WHAT IS NEEDED.
Quote the data exactly, first line to the line containing "Women's Vintage Ethnic", with no pictures.

##########

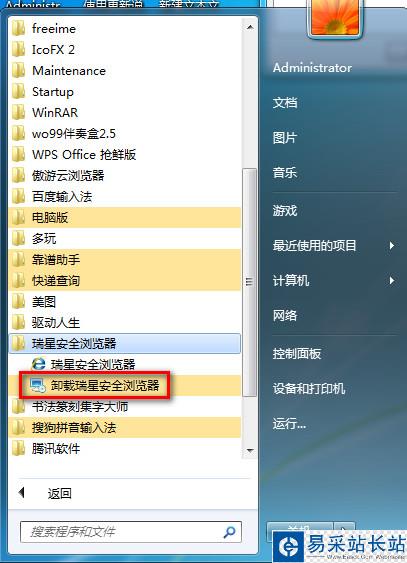 2、我們可以點(diǎn)擊開始菜單==卸載瑞星安全瀏覽器
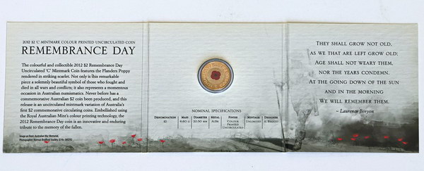 2012C Remembrance Day coloured red poppy c mintmark issue. In RAM card. A popular issue, catalogues at $800.
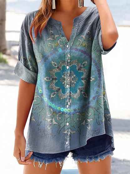 Women's Vintage Ethnic Floral Art Print Casual Cotton And Linen Shirt
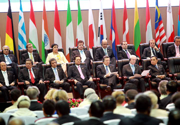La esperanza se abrió también en la primera sesión a puerta cerrada sobre “los asuntos económicos- financieros”, cuando los líderes de Asia y Europa reafirmaron su voluntad de promover un desarrollo económico más rápido, sostenible, equilibrado y equitativo entre ambos continentes, teniendo muy en cuenta la cooperación financiera, el aumento de la conectividad, la facilitación del comercio y la inversión, la generación de empleos, la recuperación de la confianza de los mercados, y el incremento de la transparencia para una reforma cabal del sistema financiero. Asimismo concordaron en continuar empeñados en renovar la gestión económica en las instituciones financieras internacionales, sobre todo el Fondo Monetario Internacional y el Banco Mundial, poniendo de relieve las economías emergentes y en vías de desarrollo. Además manifestaron su apoyo al sistema de comercio multilateral y un fin exitoso de las negociaciones de Doha.
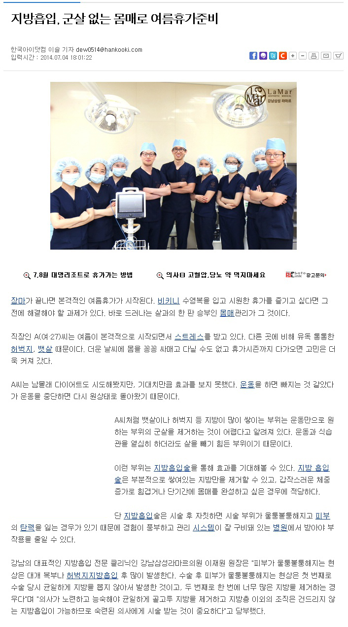 강남삼성라마르 언론보도 : [서울경제] 지방흡입, 군살 없는 몸매로 여름휴가준비
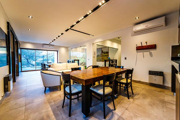 Este amplio espacio, moderno y luminoso, ofrece un equilibrio perfecto entre funcionalidad, confort y diseño contemporáneo. La zona está diseñada en planta abierta, lo que brinda amplitud visual y permite una circulación fluida entre los sectores. El living cuenta con un cómodo sofá central, dos sillones individuales de diseño y una disposición pensada para el descanso o la reunión o simplemente para ver tv. Un ambiente ideal para relajarte, leer o compartir. En cuanto al Comedor, cuenta con una mesa con capacidad para 6 comensales, con comunicación al sector de quincho. Este último se comunica físicamente a la cocina y al quincho.
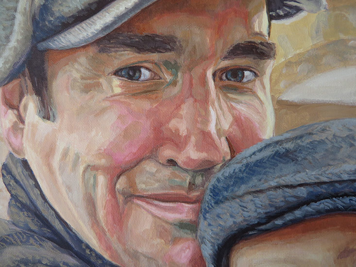 This painting is a 30 x 30 cm portrait of a dad with his baby boy. The client commissioned this portrait as a present for the father in the picture. I worked from a lovely reference photo with some lovely rich colours and I wanted to translate this in the painting. I tried to balance the warm red tones with some some cool greens. The client was very happy with the painting a wrote me a lovely email:
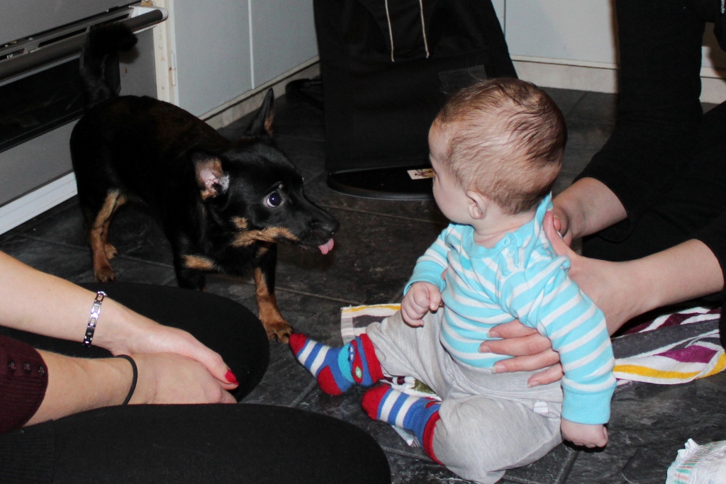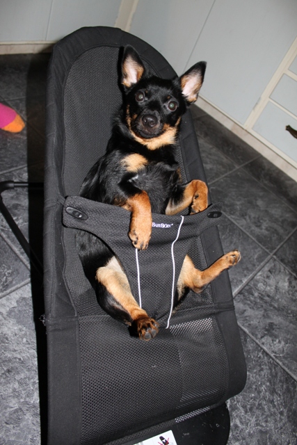jag har dessutom gått och blivit moster också till världens finaste lilla pojke! Den var tvungen att undersökas tyckte Tuva, och hon fann naturligtvis att det absolut bästa bytet man kunde hitta var kissblöjor! Mmmh, tänk att lyckas stjäla en sån! (Detta var naturligtvis mindre uppskattat av mig). Däremot var det kul att se hur bra de två kom överens, de kommer säkerligen hitta på flertalet hyss tillsammans i framtiden…
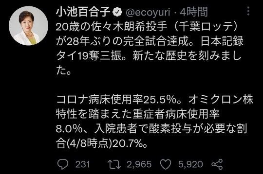 【悲報】小池百合子都知事、佐々木朗希を祝福して炎上
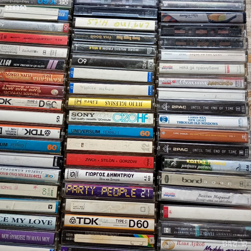 180броя аудио касети.Има и неразпечатвани.Два стилажа.Пратка се изпраща само след като се капарират.Преглед незнам дали ще има,заради недобросъвесни купувачи, който ровят в пратката и си взимат каквото им хареса...без да плащат..Получавате това което виждате на снимките.
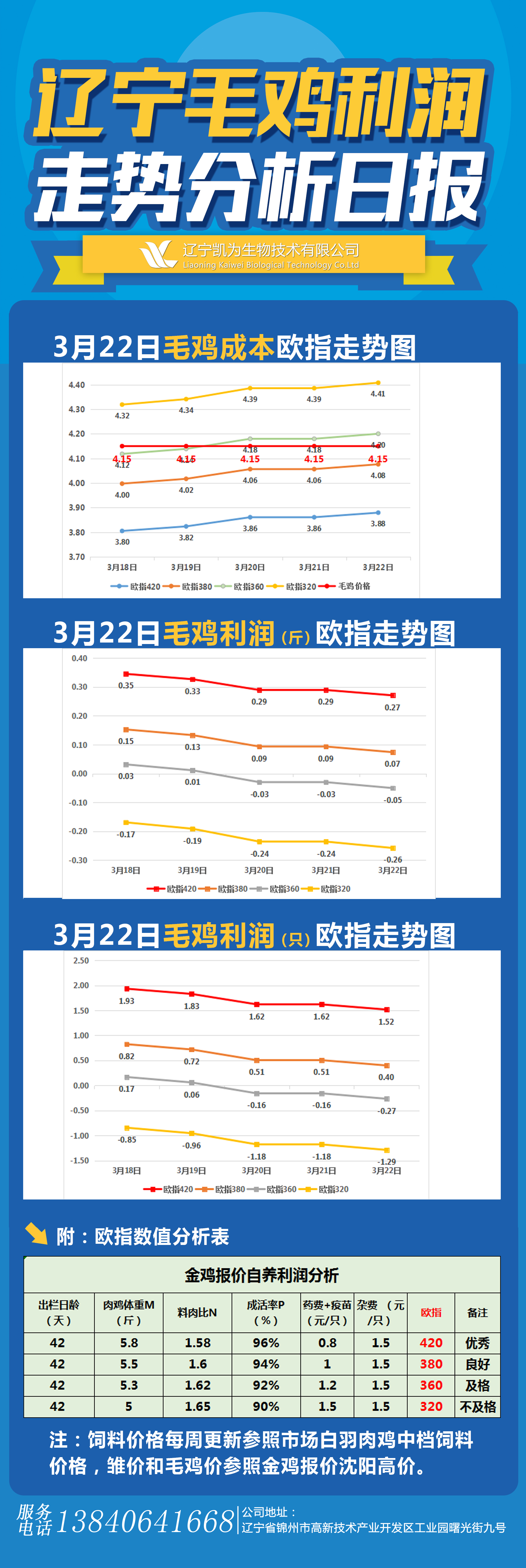 3月22日遼寧地區毛雞利潤走勢分析圖

##########

TASK RESPONSE.
 2、我們可以點(diǎn)擊開始菜單==卸載瑞星安全瀏覽器
 2012C Remembrance Day coloured red poppy c mintmark issue. In RAM card. A popular issue, catalogues at $800.
 Women's Vintage Ethnic Floral Art Print Casual Cotton And Linen Shirt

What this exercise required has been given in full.